Las formas de dominación y cooptación ideológica de la escuela terminan siendo muchas y muy variadas

Quienes se educaron en España bajo el tétrico franquismo –sí: tétrico, basta leer lo que era aquello– aún recuerdan con horror y retorcijones en el estómago que había una materia en la secundaria que se llamaba, nada menos y nada más, ‘Formación del Espíritu Nacional’. En realidad era una catequesis solo para hombres de los valores fundamentales del Régimen, de las ideas y la historia del bando que ganó la Guerra Civil.
Muchos dirán que obvio, que dónde está lo raro y lo reprobable si para eso se ganan también las guerras: para imponer desde arriba lo que los vencedores quieren que se sepa y que se diga; lo que debe ser enseñado en las escuelas; lo que deben pensar quienes vivan bajo el mismo cielo, que es como una bota o un puño cerrado, de ese poder que todo lo observa y todo lo controla: el lenguaje, el pasado, la memoria.

A lo largo de la historia los sistemas educativos han sido el principal botín y el primer blanco de quienes luchan por el poder

Y es cierto, de alguna manera es cierto.
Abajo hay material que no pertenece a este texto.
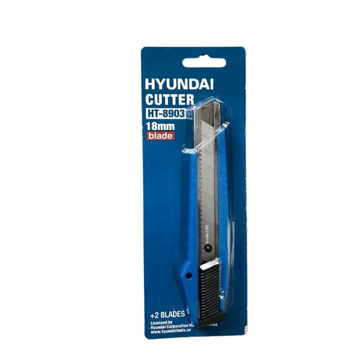 کاتر هیوندای مدل HT-8903 با تیغه ی 18 میلیمتری یکی از بهترین گزینه های موجود در بازار ایران است. کاتر هیوندای دارای ریل استیل مجزا برای تیغه است که همین طراحی منحصربه فرد موجب تعویض سریع و آسان تیغه میشود. یکی از بزرگترین مشکلات کاربران هنگام کار با کاتر مربوط به زمانی است که نوک تیغه کند میشود و لازم است تا از محل مشخص شده شکسته شود. معمولا اینکار با استرس و نگرانی از آسیب فیزیکی و برش ناخواسته همراه است. اما با کاتر 18 میلیمتری هیوندای مدل HT-8903 که مجهز به تیغه شکن است شما هیچگونه نگرانی ای از بابت شکستن ایمن و ساده ی تیغه ها نخواهید داشت. همچنین این کاتر مجهز به قفل اتوماتیک است که تیغه را در محل خود ثابت و محکم نگه میدارد و برش هایی دقیق و منظم ایجاد میکند. بدنه ی این کاتر از جنس ABS و بسیار مقاوم و بادوام است.
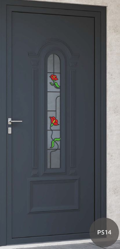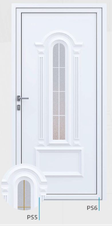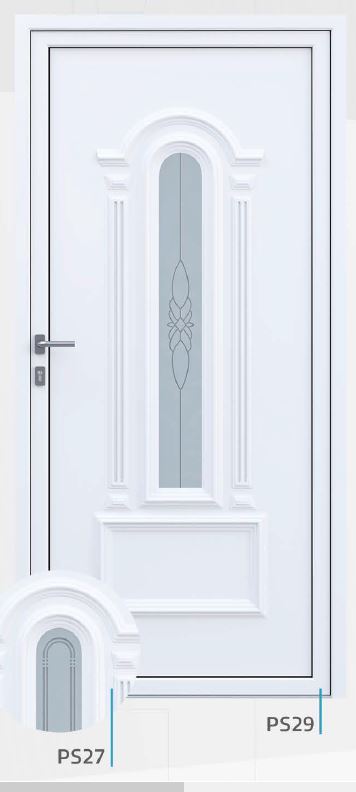 Painel de porta composto por 2 chapas de alumínio de 1,8mm de espessura com poliuretano injetado entre ambas, à densidade de 120kg/m3, com ou sem vidro.

No estoy diciendo que sea bueno, porque creo que es todo lo contrario, pero sí estoy diciendo que por lo general es así. Y no solo lo fue durante la dictadura franquista en España después del año 39, sino que en los regímenes autoritarios, y aun en muchos regímenes democráticos que sin siquiera saberlo se contaminan de la ‘tentación totalitaria’, suele pasar eso.
Werner Jaeger, que escribió ese libro bellísimo sobre la cultura griega y la pedagogía que se llama Paideia, un libro inmortal, lo escribió para demostrar que la educación sirve sobre todo para eso y en todos los niveles: para forjar una idea ejemplar de lo humano; para construir desde la escuela, cual-quiera que sea, un modelo en el que se reproduzcan e inculquen los valores esenciales de cada civilización.
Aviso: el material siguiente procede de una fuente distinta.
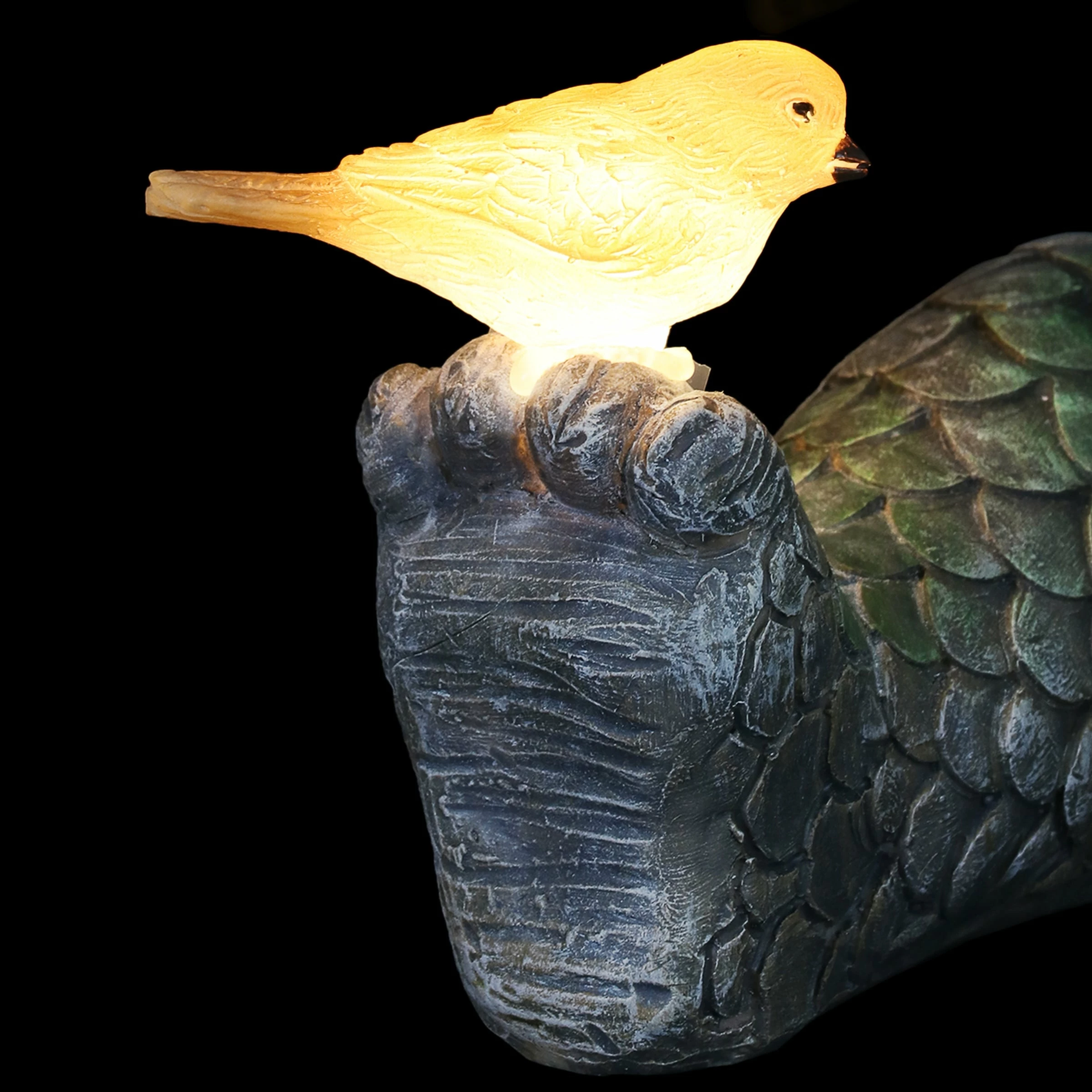- Solar powered LED bird automatically glows at dusk for an enchanting light!

Por eso, a lo largo de la historia los sistemas educativos han sido el principal botín y el primer blanco de quienes luchan por el poder y quieren decretar desde allí una visión del mundo que es solo la suya y la de sus seguidores. La propaganda en el sentido más siniestro de la palabra, ejercida por igual en la Alemania de Hitler y en la Rusia de Stalin. Y eso por no remontarnos en el tiempo, pues siempre fue y ha sido igual.
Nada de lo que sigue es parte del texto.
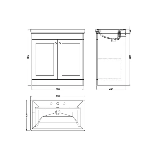 Nuie Classique 800mm 2 Door Soft Black Floor Standing Vanity Unit With 1 Tap Hole Basin
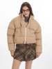 Wear the Camel Beige Puffer side out for a windproof, modern look that pairs perfectly with denim and boots. Flip it inside out to reveal the plush White Sherpa side, transforming your outfit into a cozy, texture-rich ensemble. The oversized, boxy fit and high stand collar ensure you stay warm and stylish, no matter which side you choose.
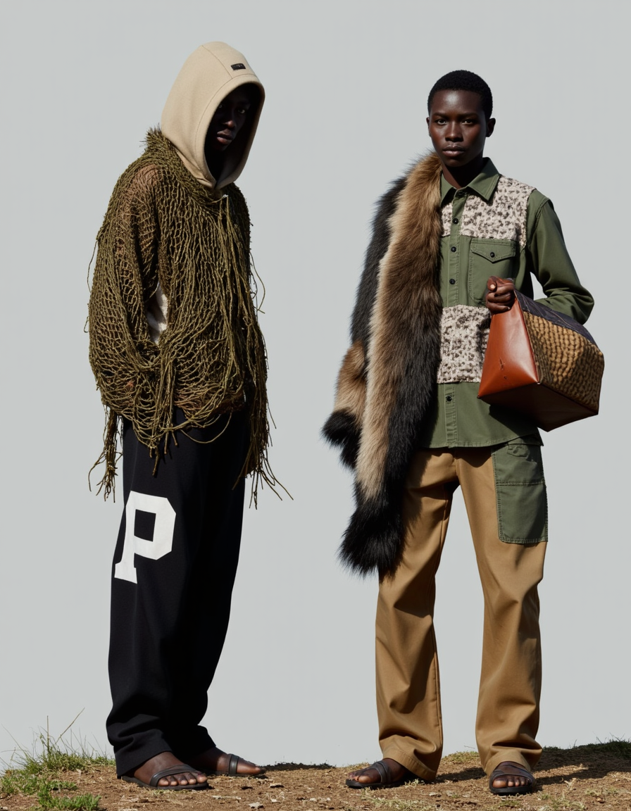 Conceptual fashion based on the creative assembly of recycled objects and materials, in the context of a dystopian or post-apocalyptic world. NOT ONLY EARTH-SAND PONCHOS! This is the search of create images or descriptions where something recognizable (recycled) appears mutated, maintaining traces of its original function but reconfigured for another use.

Y es también de alguna manera inevitable, ya digo, las formas de dominación y cooptación ideológica de la escuela terminan siendo muchas y muy variadas, casi omnipresentes. Hay unas que son más visibles, otras menos; hay unas grotescas, otras afrentosas, otras suaves y amables y entonces casi ni se ven, pero igual están allí. Ningún discurso es neutro jamás, y sería espantoso que hubiera uno que sí lo sea.
Pero las sociedades evolucionan, se supone, y van llegando a consensos y a conclusiones transitorias –eso es lo bueno de la historia, que nunca se acaba– sobre lo que va siendo mejor y más conveniente para todos. A ese proceso algunos le dan el nombre del progreso, otros el nombre más modesto de la vida. Da igual. Lo importante es que hay cosas como que ya más o menos se saben, ideas probadas con el ácido corrosivo del tiempo.
Y una de esas ideas, vinculada de manera muy profunda con lo que en Magangué llamamos la ‘Modernidad’, es que es mejor que la educación sea lo más libre que se pueda, lo más abierta, lo más generosa. Si no en los métodos, que es imposible, al menos sí en sus contenidos: en lo que allí se enseña y se discute, en lo que se debe aprender y abandonar. Porque al final lo que queda de todo eso es su recuerdo, su música, su llama.
Y arruinar o pervertir ese recuerdo en nombre del sectarismo no hace más que esconder pedazos del mundo y de la realidad: tender mantos sobre lo que merece haces de luz, destellos, claridad. Eso debería ser la escuela, la mano que prende una lámpara y no la apaga.
Lo otro es proselitismo y para eso ya existen los partidos y las tías.